The Department of Energy’s nuclear cleanup branch should not see a significant near-term decrease in its budget for the Savannah River Site in South Carolina because control of the federal complex is being transferred to the National Nuclear Security Administration, a budget and planning official said last week.
“Most of our funding is for liquid waste and operation of H Canyon,” and those two things are not going to change, Steve Trischman, head of budget and planning for DOE’s Office of Environmental Management, told members of DOE’s Environmental Management Advisory Board Dec. 1.
Trischman’s remarks came during a hybrid meeting of the advisory board, which originated from New Orleans.
Trischman was asked if the Environmental Management budget at the Savannah River Sites, roughly $1.6 billion in fiscal 2022 and more than $1.7 billion sought by President Joe Biden’s administration for fiscal 2023, could slip dramatically, to below $1 billion after the National Nuclear Security Administration (NNSA) takes over in 2025.
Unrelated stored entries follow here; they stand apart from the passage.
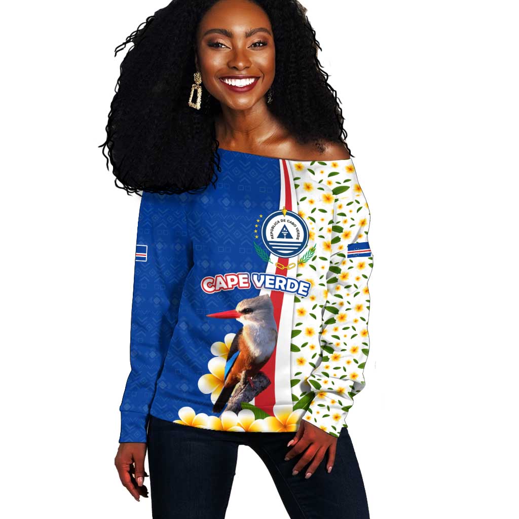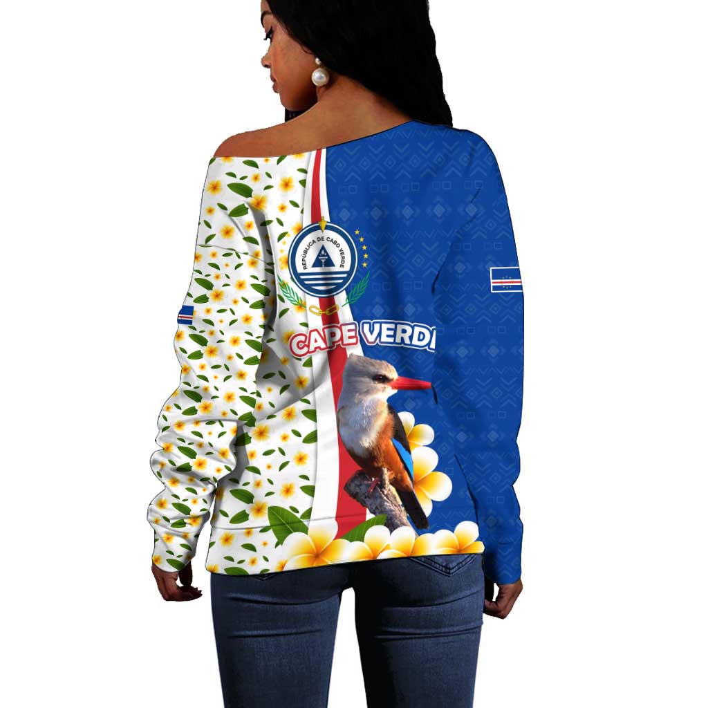 Cape Verde Off Shoulder Sweater Kingfisher Bird Floral Flag Spirit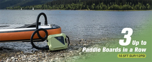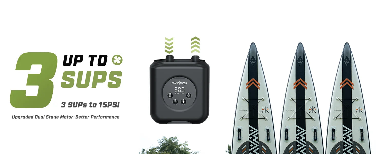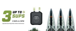 Features: 7mins to 12psi, 10mins to 15psi. 3 sup boards in one charge.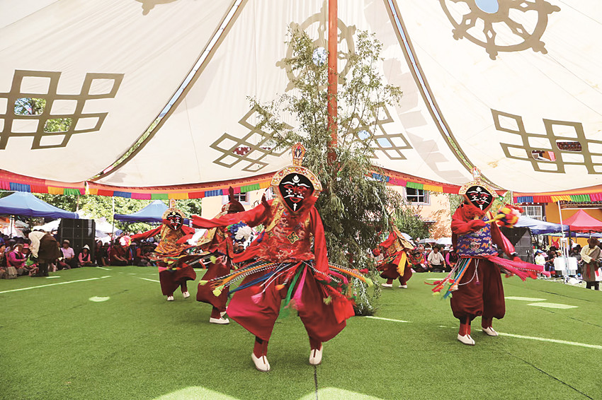 “能夠有這么好的機(jī)會(huì)跟拉薩藏戲團(tuán)和巴塘藏戲團(tuán)一起互相交流、互相學(xué)習(xí)我感到非常榮幸。藏戲藝術(shù)是藏民族文化中一朵璀璨的明珠,也是中華民族戲曲藝術(shù)寶庫(kù)中的瑰寶。希望通過(guò)這次‘央勒節(jié)’非遺文化交流演出,回望經(jīng)典、歌頌時(shí)代、對(duì)話(huà)交流,推動(dòng)藏戲藝術(shù)的傳承、保護(hù)和發(fā)展?!崩硖敛貞驁F(tuán)負(fù)責(zé)人洛絨登巴感慨不已。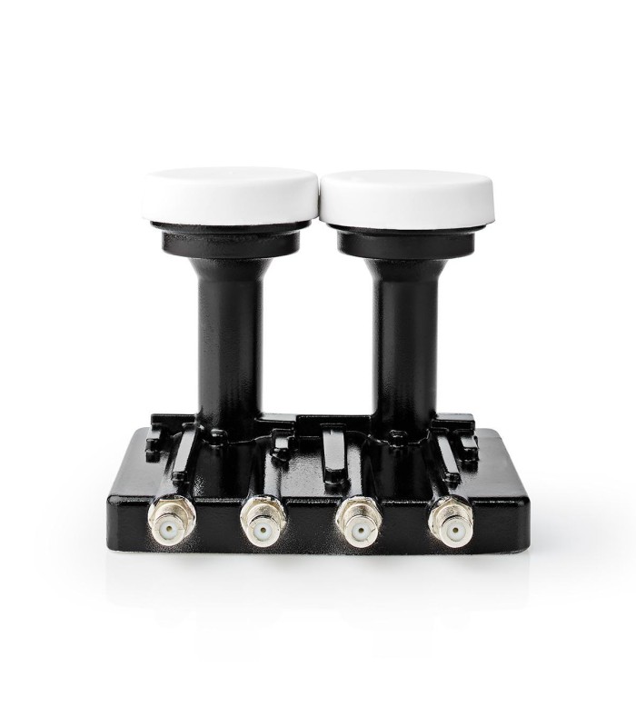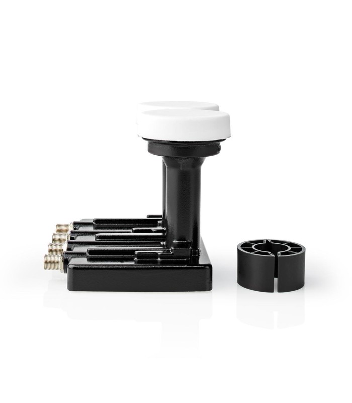 NEDIS PRO DUO Twin LNB voor het aansluiten van vier satelliet-ontvangers of twee twin ontvanger. Verloopring om de LNB in een houder van 40mm te kunnen plaatsen is bijgesloten.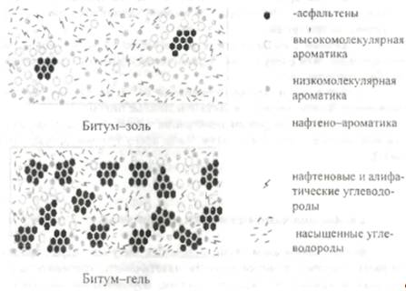 Структура битума (золь или гель) определяется степенью пептизации асфальтенов и зависит от относительного содержания в битуме ароматических углеводородов с алифатическими цепями различной длины [33].
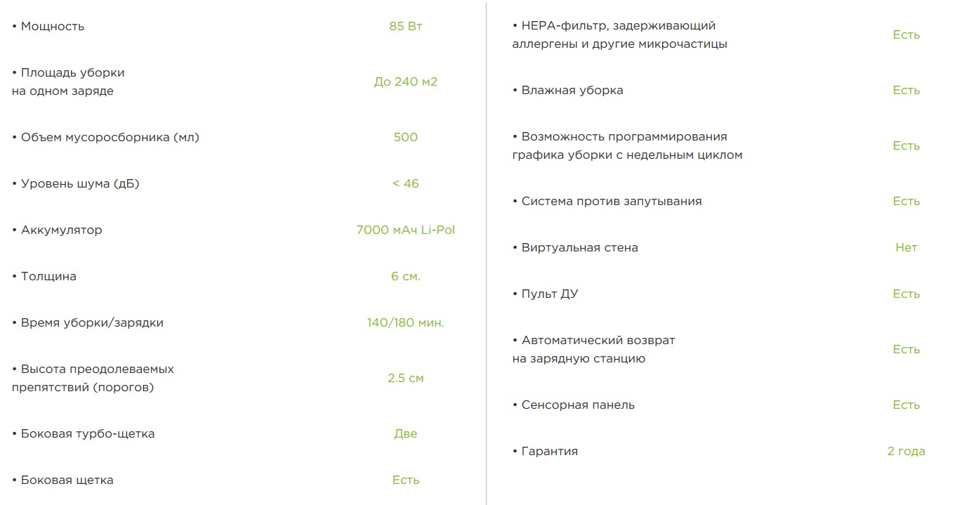 Cet aspirateur robot est également soumis à un nettoyage à la fois sec et humide. L'appareil est chargé pendant 3 heures, à partir de la batterie préparée pour le fonctionnement, il fonctionne pendant 1 heure et 20 minutes. Lorsque l'énergie reçue se termine, le nettoyeur automatique se précipite vers la base de stationnement. Si le processus d'amener la pièce a été interrompu, après avoir chargé le robot revient au point à partir duquel il est allé charger.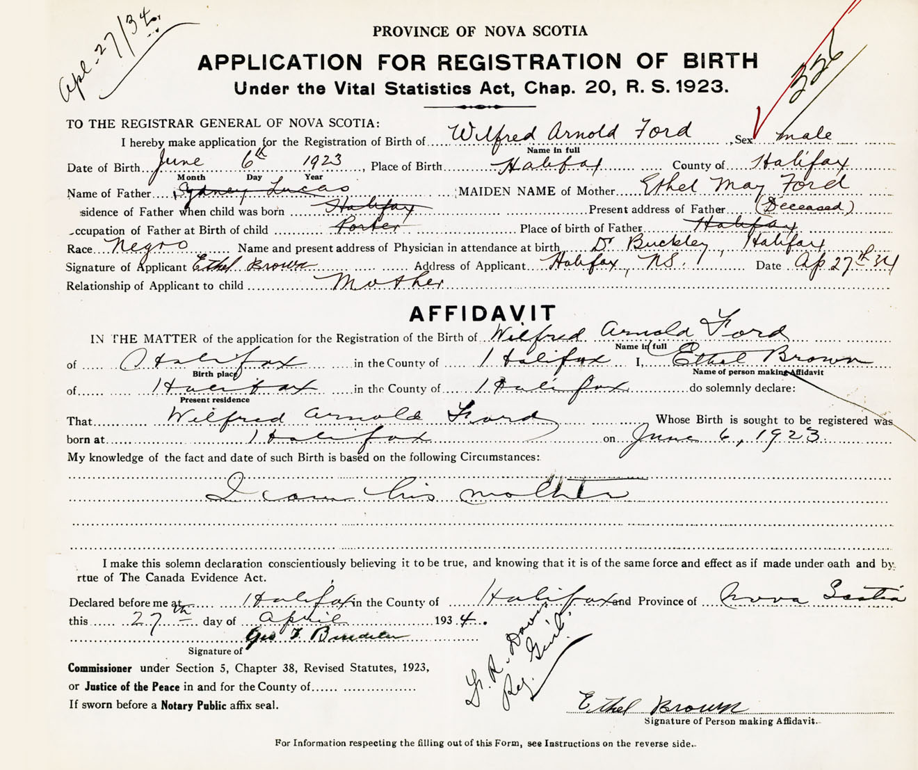 Signature of Applicant Ethel Brown Address of Applicant Halifax, NS Date 27 April 1934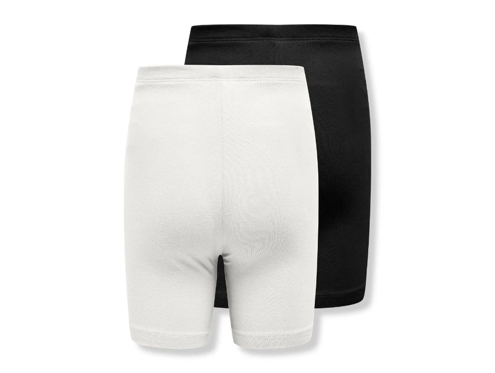 Kids ONLY shorts i sort og råhvid 2 pak med tætsiddende pasformKids ONLY shorts i sort og råhvid med elastik i taljen detaljeKids ONLY shorts i sort og råhvid set bagfra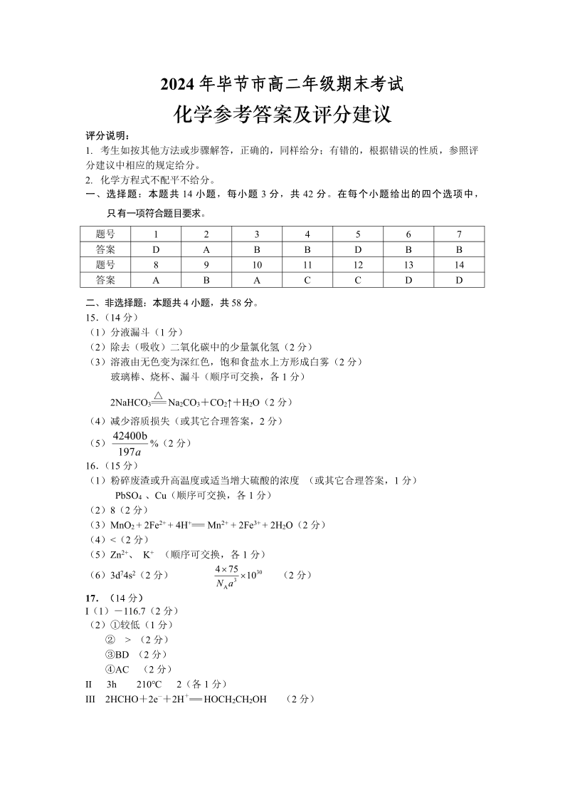 2024年毕节市高二年级期末联考 化学参考答案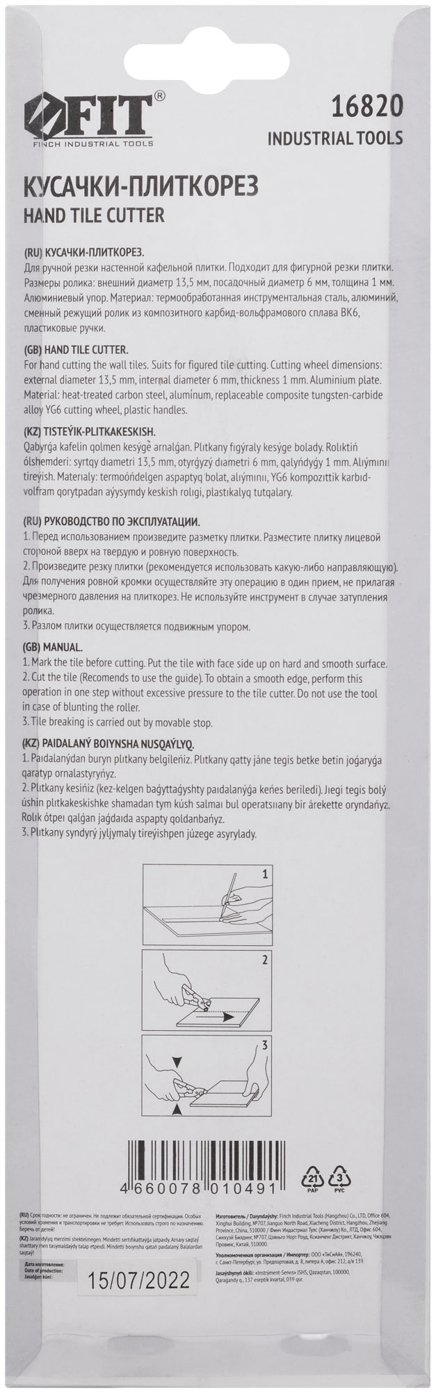 Выберите кусачки-плиткорез FIT 16820, чтобы обеспечить точность и надежность в работе с кафелем.
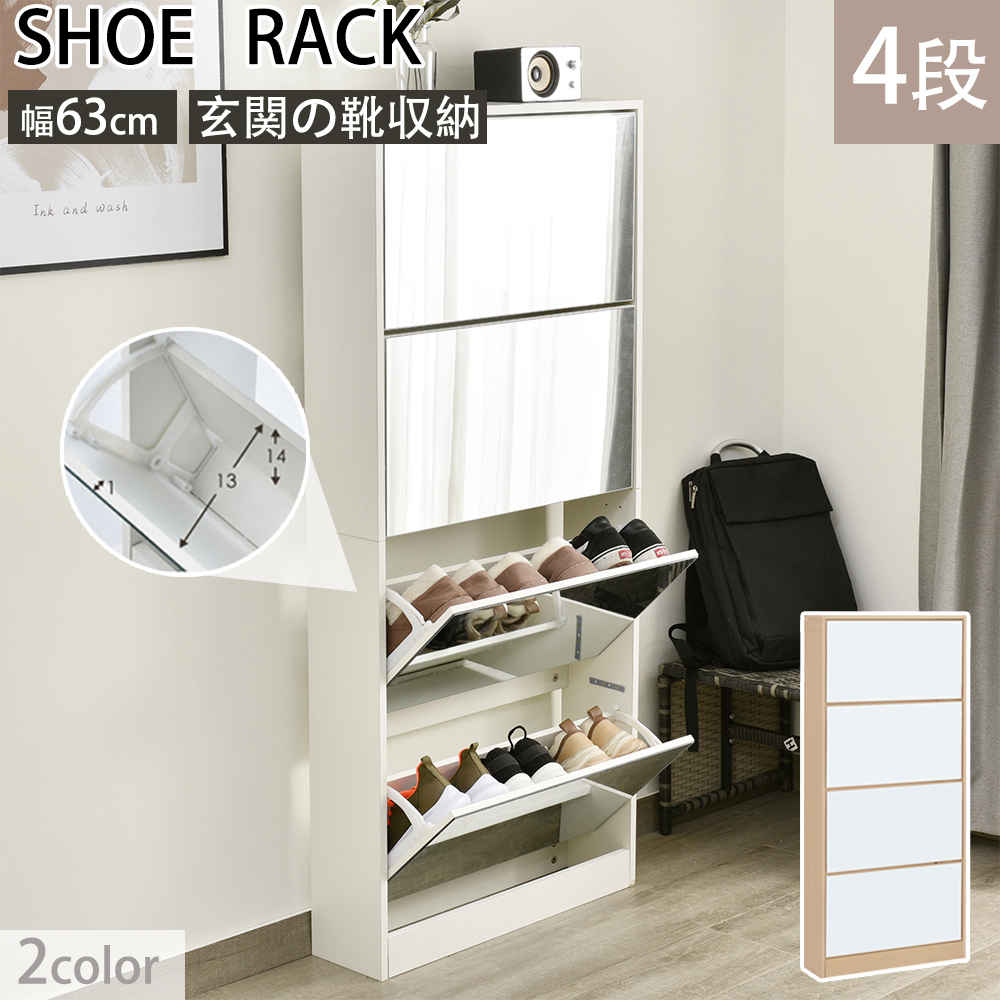 新着商品超人気 【新品】 薄型 4段 シューズラック スリム シューズボックス 靴箱 下駄箱 ミラー 全身鏡 玄関収納 消臭 大容量 木製 姿見 スリム ナチュラル ホワイト くつ箱 靴入れ 収納ラック エン

The Environmental Management budget at Savannah River “would not substantially change” in the short term after the transfer of responsibility occurs, Trischman said. The details of the transfer are still being worked out, DOE has said.
The nuclear-weapons agency has been playing a larger role at the Savannah River Site in recent years and in 2018 said it would rely on the complex along the Georgia border to make most of its new plutonium pits used in nuclear weapons cores.
The current landlord contractor, Fluor-led Savannah River Nuclear Solutions, recently received a contract extension that could keep it around through September 2027.
DOE’s Office of Environmental Management expects to be winding down its liquid waste cleanup program at Savannah River by the late 2030s, although other remediation work would continue.